Typically, we get the finite difference schemes via Taylor expansion, keeping 1st order terms and ignoring the rest (as either small, or naturally via subtraction a la central difference). The CTU scheme keeps these 2nd order terms, so the expansion is \begin{align} Q\left(t+\Delta t,x,y\right)&=Q-\Delta t\left[uQ_{,x}+vQ_{,y}\right] \\ &+\frac12\Delta t^2\left[u^2Q_{,xx}+vuQ_{,xy}+uvQ_{,yx}+v^2Q_{,yy}\right]+\mathcal{O}\left(\Delta t^3\right) \end{align} where the comma denotes partial differentiation. To first order, you keep the $uv$ cross terms in addition to the top line (i.e., ignoring the $Q_{,xx}$ and $Q_{,yy}$ terms). This would result in something like, \begin{align} Q_{ij}^{n+1}&=Q_{ij}^n-\frac{u\Delta t}{\Delta x}\left[Q_{ij}^n-Q_{i-1j}^n\right] -\frac{v\Delta t}{\Delta y}\left[Q_{ij}^n-Q_{ij-1}^n\right] \\ &\qquad+uv\frac{2\Delta t^2}{\Delta x\Delta y}\left[\left(Q_{ij}^n-Q_{ij-1}^n\right)+\left(Q_{i-1j}^n-Q_{i-1j-1}^n\right)\right.\\ &\qquad\qquad\qquad\qquad\left.+\left(Q_{ij}^n-Q_{i-1j}^n\right)+\left(Q_{ij-1}^n-Q_{i-1j-1}^n\right)\right] \end{align} To get second order accuracy, the whole $\Delta t^2$ term needs to be kept. This results in something like (moving to central differences, rather than backwards) \begin{align} Q_{ij}^{n+1}&=Q_{ij}^n-\frac{u\Delta t}{2\Delta x}\left[Q_{i+1j}^n-Q_{i-1j}^n\right] -\frac{v\Delta t}{2\Delta y}\left[Q_{ij+1}^n-Q_{ij-1}^n\right] \\ &\qquad +\frac{u^2\Delta t^2}{2\Delta x^2}\left(Q_{i+1j}^n-2Q_{ij}^n+Q_{i-1j}^n\right)+\frac{v^2\Delta t^2}{2\Delta y^2}\left(Q_{ij+1}^n-2Q_{ij}^n+Q_{ij-1}^n\right)\\ &\qquad+uv\frac{2\Delta t^2}{\Delta x\Delta y}\left[\left(Q_{ij}^n-Q_{ij-1}^n\right)+\left(Q_{i-1j}^n-Q_{i-1j-1}^n\right)\right.\\ &\qquad\qquad\qquad\qquad\left.+\left(Q_{ij}^n-Q_{i-1j}^n\right)+\left(Q_{ij-1}^n-Q_{i-1j-1}^n\right)\right] \end{align} (you'll want to check indices, I've likely screwed them up here). This is stable so long as the following CFL condition is satisfied: $$ \max\left(u\frac{\Delta t}{\Delta x},\,v\frac{\Delta t}{\Delta y}\right)\leq1 $$ This is also fairly common in the hydrodynamic codes I've seen & used. Randy LeVeque's Finite Volume Methods for Hyperbolic Problems (Amazon link) is probably an excellent resource for you, Chapter 20 (I think) is where he discusses this method.

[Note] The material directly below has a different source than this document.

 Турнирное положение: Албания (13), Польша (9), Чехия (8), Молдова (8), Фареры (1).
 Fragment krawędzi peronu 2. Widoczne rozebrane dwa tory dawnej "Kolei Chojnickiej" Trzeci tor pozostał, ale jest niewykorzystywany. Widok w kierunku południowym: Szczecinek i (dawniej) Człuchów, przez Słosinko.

The stencils for each of these are shown below, adapted from these lecture notes (NB: 45-page PDF) on conservation laws from James Rossmanith at Iowa State University, CTU stencils

So you can see how the 1st order is actually a 6-point stencil and the 2nd order is a 9-point stencil.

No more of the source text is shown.